Please repeat exactly the lines below from the line with "ATO2 Navy Advancement" to the line with "Hex #2dd88b Color", including both, and leave out every picture.

• [Supplied material]:
——

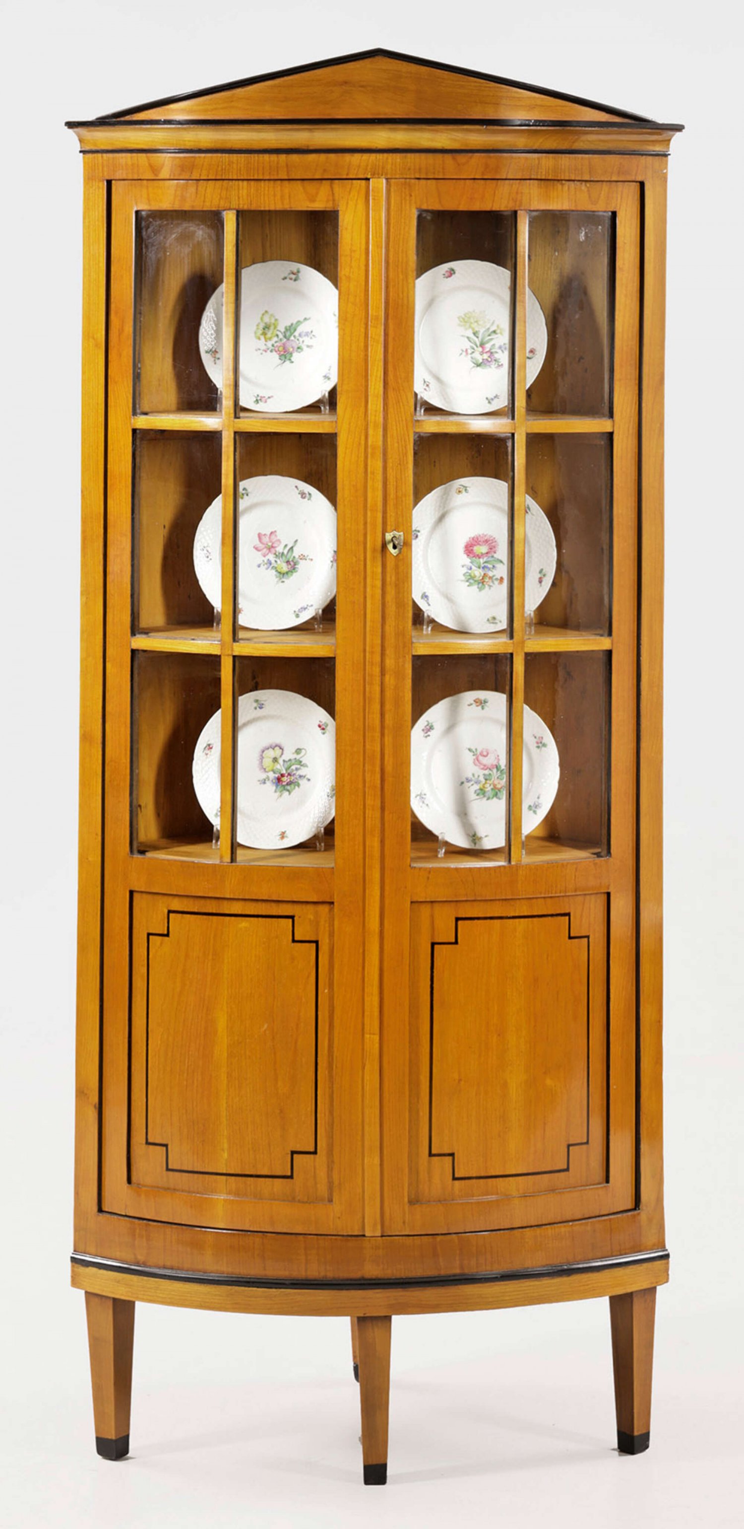Biedermeier-Eckvitrinenschrank Kirschbaum, furniert und teilw. ebonisiert. Bombierter Korpus auf konischen Vierkantbeinen. In der gegliederten Front zwei sprossenverglaste Vitrinentüren. Schmales Kranzgesims sowie flacher Schinkelgiebel als oberer Abschluss. Rest.; H. 187 cm. Schenkel-T. 58,5 cm.
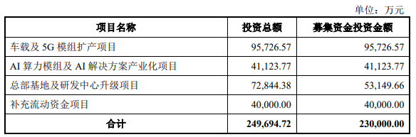 移远通信于6月11日披露的《2025年度向特定对象发行A股股票募集说明书(申报稿)》显示,本次向特定对象发行股票募集资金总额不超过230,000.00万元(含本数),扣除发行费用后的募集资金净额将全部用于以下项目:车载及5G模组扩产项目、AI算力模组及AI解决方案产业化项目、总部基地及研发中心升级项目、补充流动资金项目。
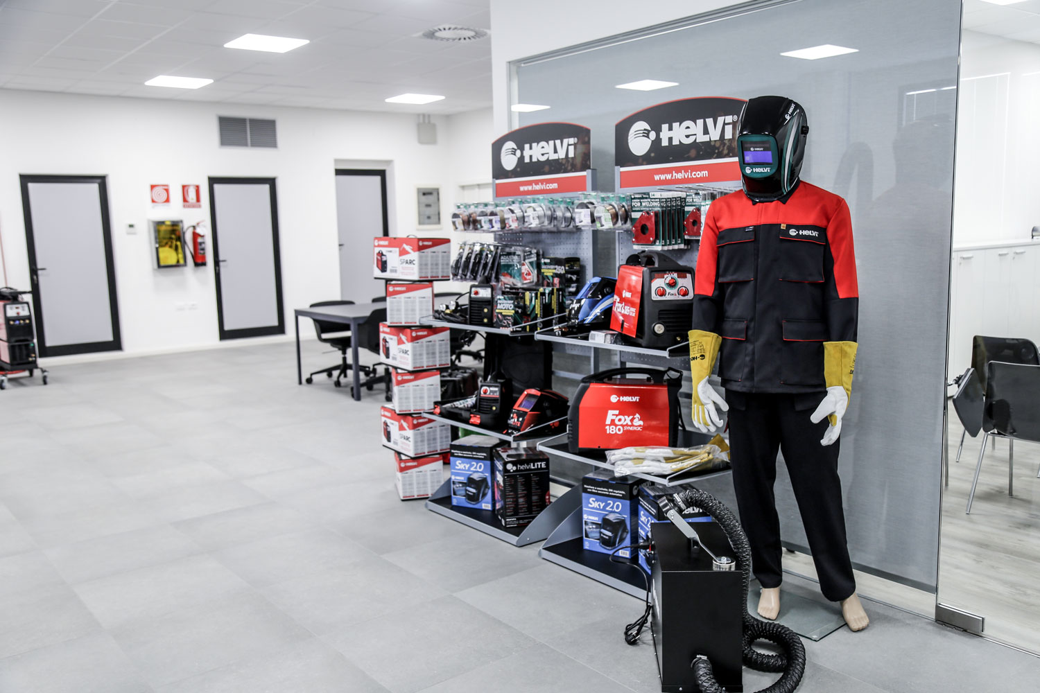 - Sala espositiva permanente. I marchi esposti: HELVI, HELVI TECH, helviLITE e Pro Spot;
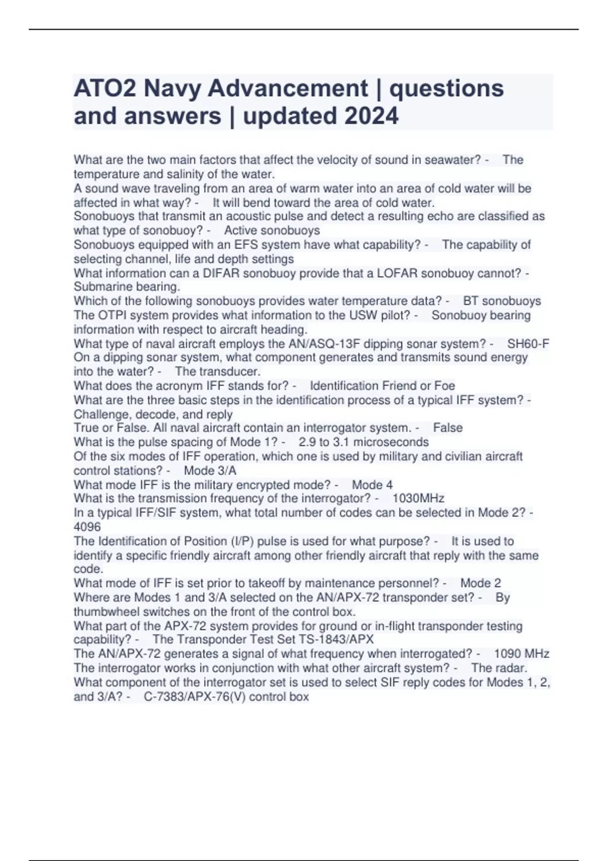 ATO2 Navy Advancement | questions and answers | updated 2024
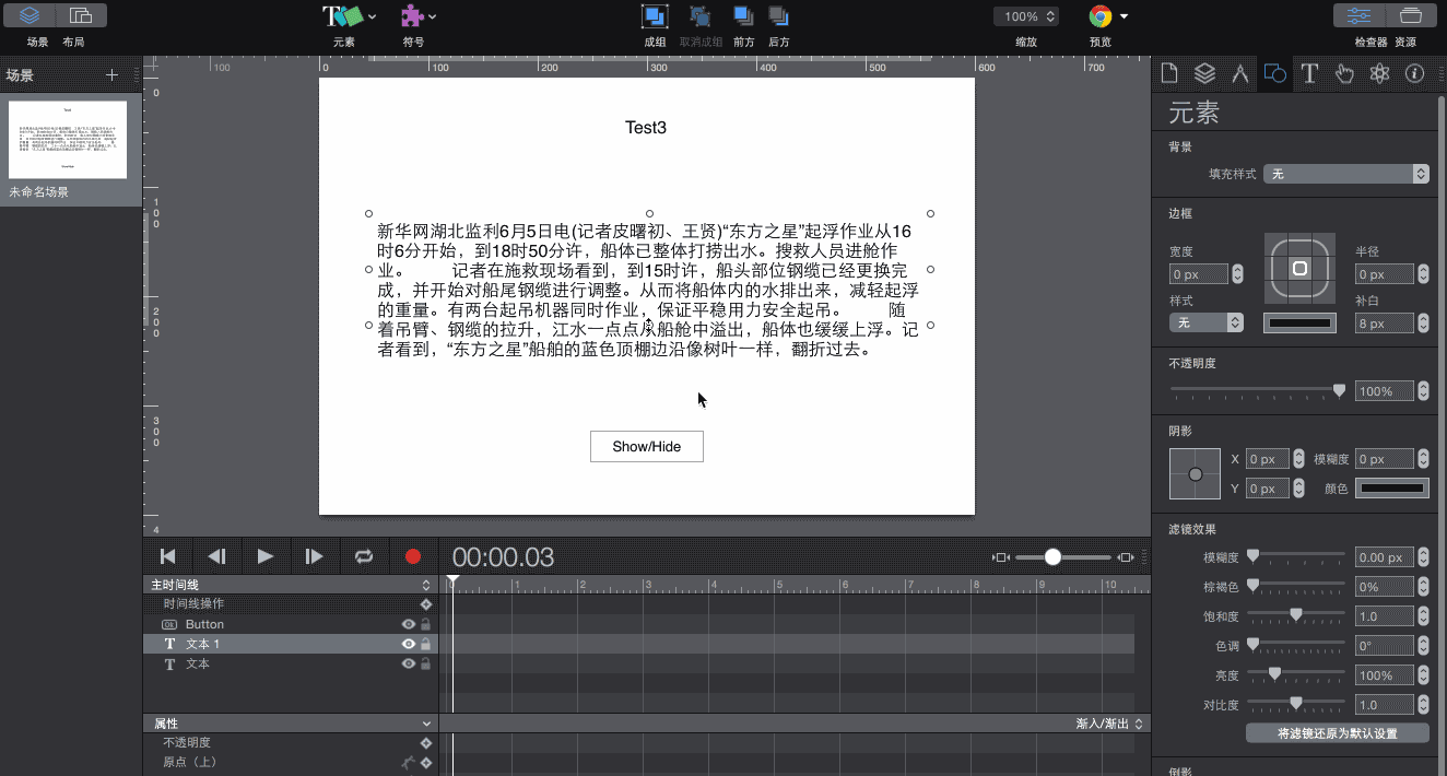 1.为了实现本部分的调用,这里我们先新建了一个文本和之前一样将他命名为Test3,作为我们的第三个测试实例名称。在场景中间插入一段我们要控制他隐藏显示的文本和一个控制该文本隐藏和显示的按钮。这里我随便找了一段关于“东方之星”报道的文字(为此次翻船遇难感到不幸)。
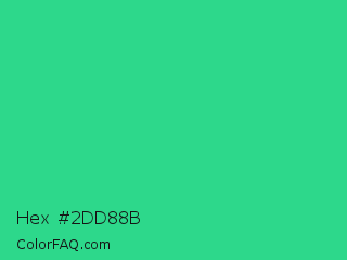 Hex #2dd88b Color is a normal green color and the nearest color is Shamrock #33cc99. Hex code #2dd88b and RGB value is rgb(45,216,139). In RGB color space, this color is composed of 18% red, 85% green, 55% blue, In CMYK color space, this color is composed of 79% cyan, 0% magenta, 36% yellow , 15% black , In HSL color space, this color has a hue angle of 153° , 69% saturation and 51% lightness.
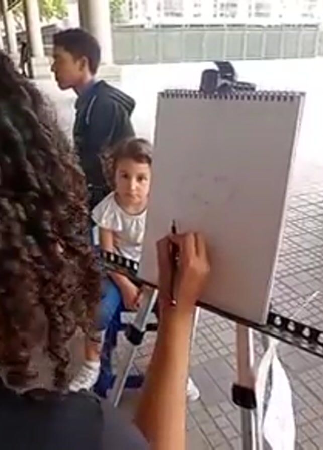 A woman with curly hair is drawing a caricature of a little girl sitting on a stool. The woman is holding a pencil and working on a sketchpad mounted on an easel. The sketch shows the outline of the girl's face. Behind the woman is a young boy walking, and other people are visible in the background. They are on a covered outdoor walkway with a tiled surface. Buildings can be seen in the distance.
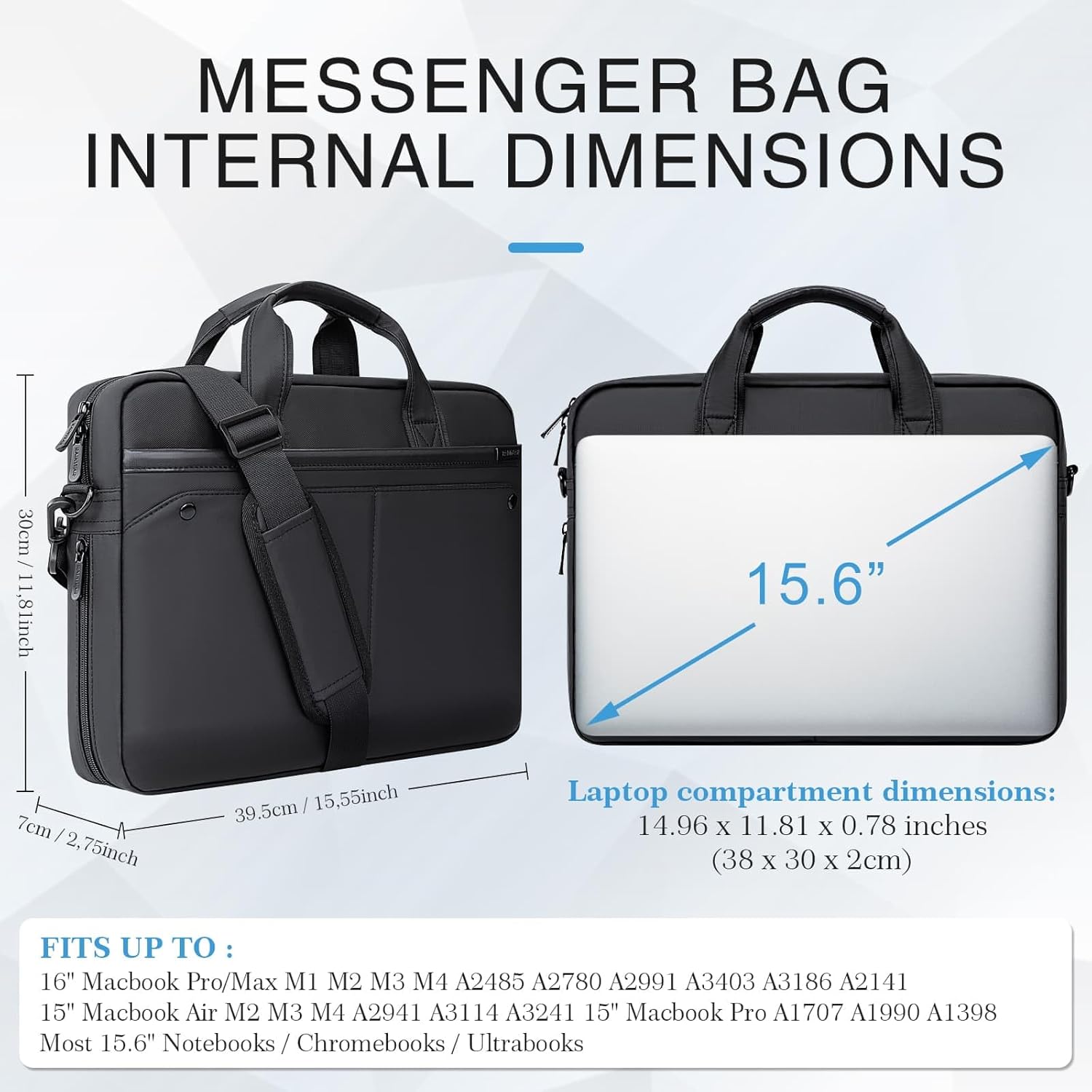 - Interal Dimensions: The laptop bag internal dimension: 15.55 x 11.81 x 2.75 inches, laptop compartment dimension: 14.96 x 11.81 x 0.79 inches, this laptop bag fits up to 15.6 inch laptop/MacBook/computer/PC. Please check your device dimensions against latop compartment dimensions to ensure perfect fit.

——

• [Task output]:
 ATO2 Navy Advancement | questions and answers | updated 2024
 1.为了实现本部分的调用,这里我们先新建了一个文本和之前一样将他命名为Test3,作为我们的第三个测试实例名称。在场景中间插入一段我们要控制他隐藏显示的文本和一个控制该文本隐藏和显示的按钮。这里我随便找了一段关于“东方之星”报道的文字(为此次翻船遇难感到不幸)。
 Hex #2dd88b Color is a normal green color and the nearest color is Shamrock #33cc99. Hex code #2dd88b and RGB value is rgb(45,216,139). In RGB color space, this color is composed of 18% red, 85% green, 55% blue, In CMYK color space, this color is composed of 79% cyan, 0% magenta, 36% yellow , 15% black , In HSL color space, this color has a hue angle of 153° , 69% saturation and 51% lightness.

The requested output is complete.